Member Since: Dec 2015
Location: Australia
Posts: 1,630
Quote:
Originally Posted by justafriend306 View Post
Maybe the problem is you have been thus far not accountable for your actions. Based on other posts of yours I really have the impression you have been allowed to get away until now with not being responsible for anything, anyone, and to yourself. No wonder you feel a sense of being lost amongst it all. It also would explain the power struggle you aare having with your mom. So too it explains to me your rather questionable choices.

What you need to do - before you engage in anything - is stop and ask yourself "Is this an appropriate choice?" What would you reasonably expect someone else to do? Would other people encourage or discourage what you want to do?

You need to teach yourself to be responsible - especially to yourself. Once this is accomplished you will find you don't feel so lost. It is likely at this point you will have found a sense of direction.

I admit BlackRoses that I find reading your posts somewhat cringe worthy. The common thread to all of them is the lack of self control. I do not feel this is caused by mental illness. While mental illness may aggrivate things I think irresponsibility is the root cause. I would like to see you held accountable for your choices and actions. My interpretation of the relationship you have with mom is that she is trying to do just that. What if you were to set aside even a week and back off from the struggle. At worse it will be a difficult week living under her thumb. At best, however, it may give you some insite and possibly see some improvement in things.
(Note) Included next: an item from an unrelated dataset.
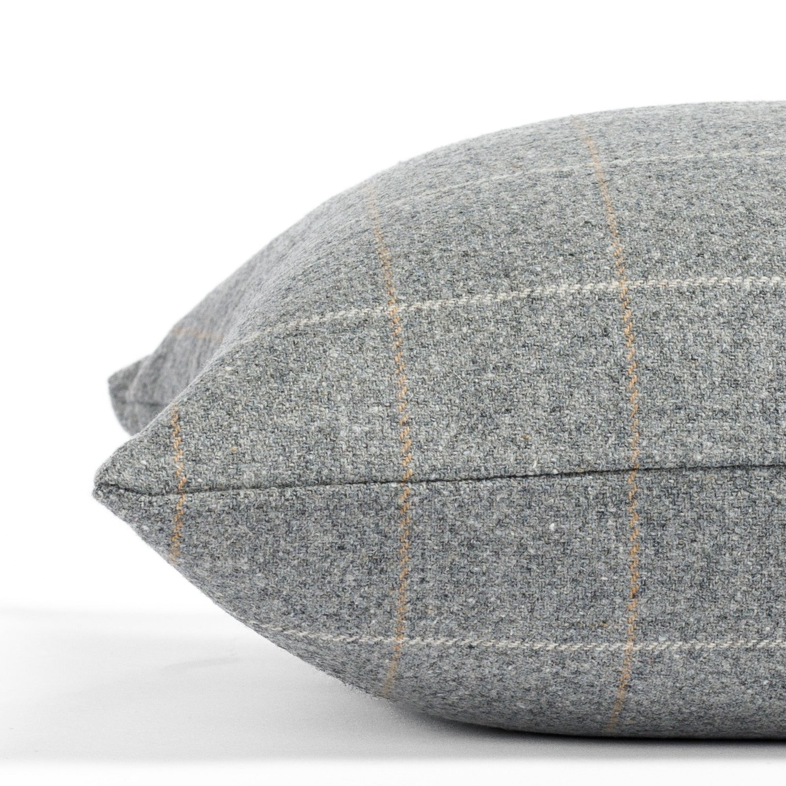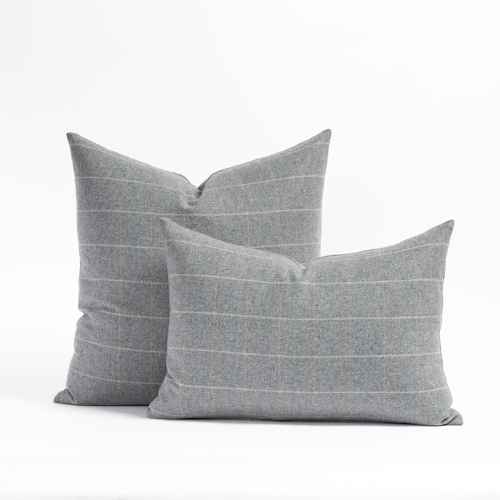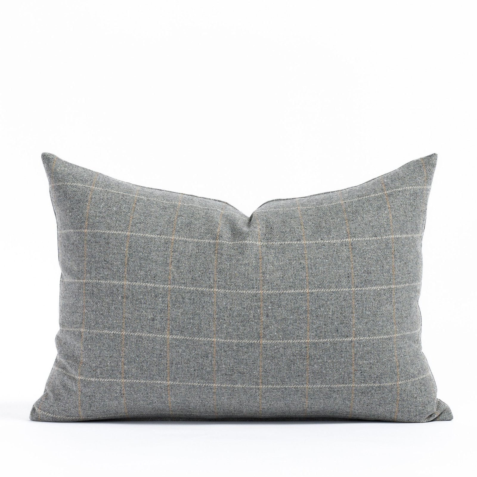 Bring home the essence of a rustic yet refined English country lodge with this charming heather grey lumbar pillow. Crafted from a soft wool-blend fabric, it features a classic windowpane pattern with accents of cream and camel tones. Offering an earthy yet tailored appeal, reminiscent of a well-worn sport coat, this handsome piece effortlessly blends sophistication with a cozy, lived-in vibe.
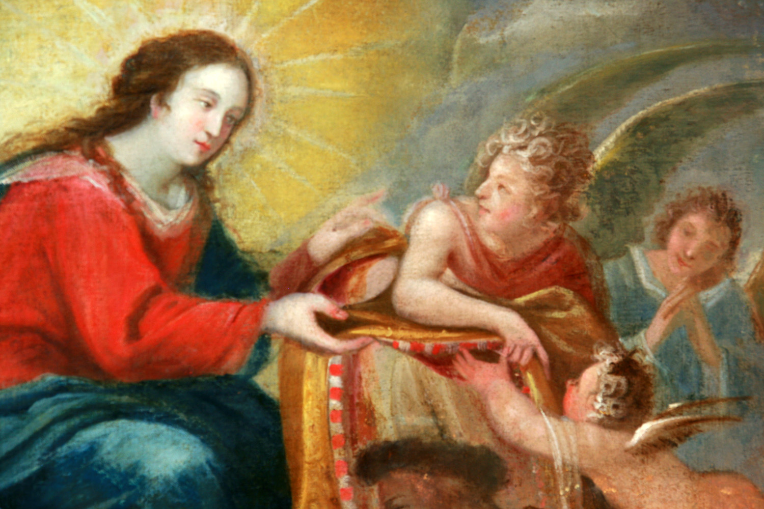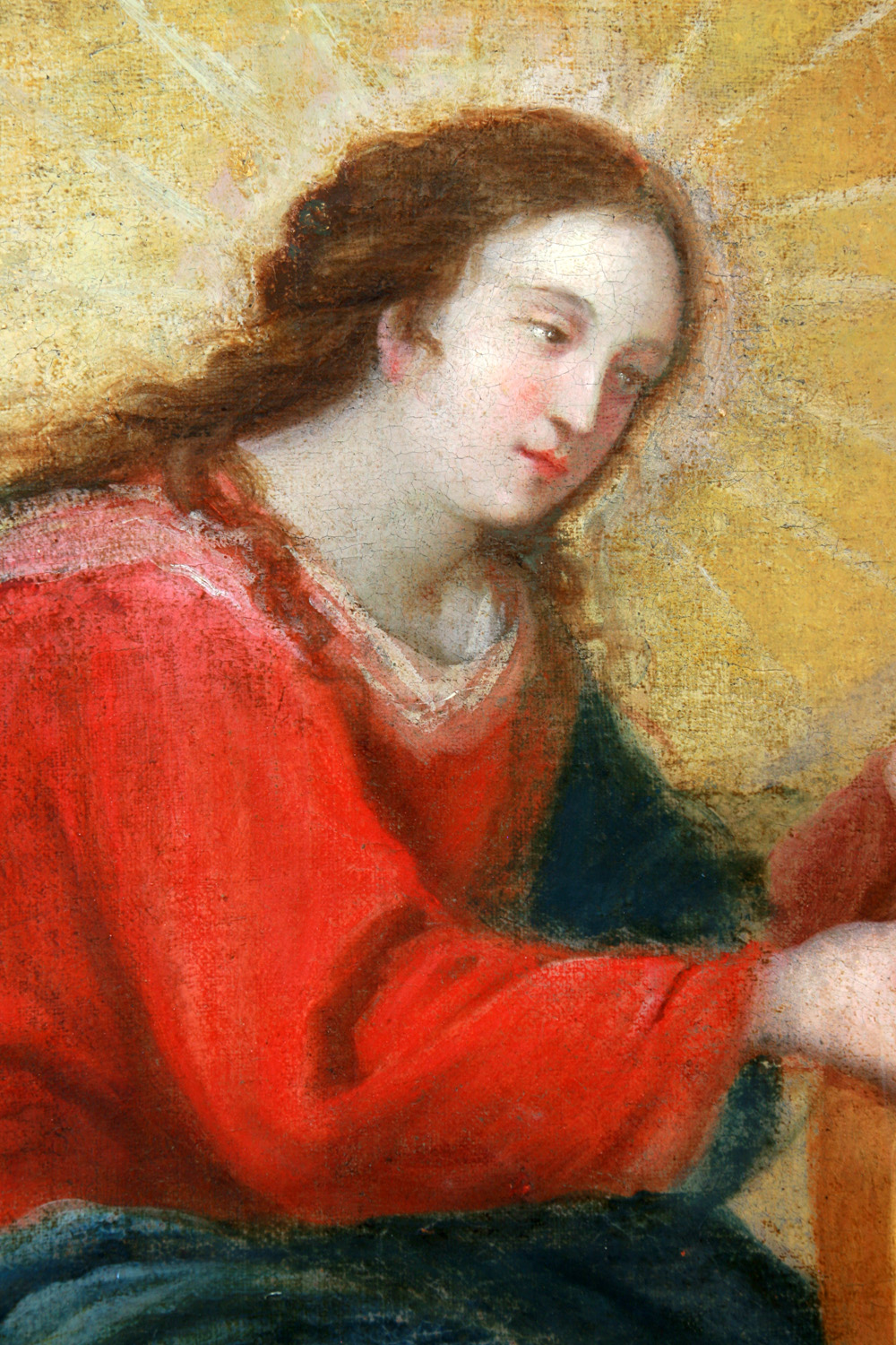 La obra representa el momento en el que la Virgen desciende del cielo para regalar a San Ildefonso obispo de Toledo, una casulla como premio a sus desvelos en la difusión de su virginidad. El Santo, estudió en Sevilla bajo la tutela de San Isidoro. San Ildefonso, Arzobispo toledano, escribió el tratado en el que defendía la virginidad de la Virgen María, que se consideró en la época de la Contrarreforma la defensa de la Inmaculada Concepción de la Virgen. El tema del milagro de la imposición de la Casulla a San Ildefonso por su devoción a la Virgen, en los siglos XVI-XVII, se popularizó tanto, que se tiene un gran número de pinturas y esculturas sobre este tema. En la obra que presentamos, el autor, se inspira en los grandes maestros españoles de la pintura como El Greco y Velázquez donde en esta obra, podemos encontrar sus huellas en la composición, el color y el uso de la luz.

I have been getting more and more stern with you. Let's say it is the mother in me. I only want the best for you. Sometimes a dose of tough love is required.
I have taken that step back admitting that I feel like I have been a burden and my own issues of careless have held her back from her life. I explained to her that I feel responsible for her being trapped I feel responsible for the frustration everyone feels in my family for me not taking responsibility of my actions. I am impulaive and the issue is I always let my emotions get the. better of me someone could mean the best but for me I get snappy because of my lack of self regulation in my own emotions that I need to take care of. When people say I am not mentally ill and I am just attention seeking it makes my struggle feel less valid and I feel this hurt and upset that no one has listened to my point of view. I have been used to people treating me sternly and harshly when I was in Madeira and living with my cousin and her soon to be husband I was told off everyday. I would have long lectures in the car about my lack of care for my own life after being told off everyday for every little mess I made. every time I forgot something I finally couldn't it take it and I just broke down and started crying a two year old have me a lolly to try and cheer me up and I just cried harder. it was a nice gesture after feeling like I am burden because I make everyone's life harder. I just told mum I am this way if I can't take care of myself and I cause problems and I am just a problem you need to give up on me I am not worth your suffering. it's also one of the reasons why I always tried to run away but no matter where I want I caused problems for others. people think I don't know that my irresponsibility makes them suffer I know this and I keep my suffering to myself. I never got help for myself because it was more wasted effort everyone else had to put for me to help me. All I ever wanted was for people to give up on me and I just let myself decay and die I never wanted anyone else to be part of my lack of irresponsibility and I am in pain that someone else still tries to help me. Haven't I taken enough already aren't you already tired of me why are wasting effort when I am worth any of it? So yes I pity myself but that's only because of the fact that other's still try for me when I feel I am a lost cause.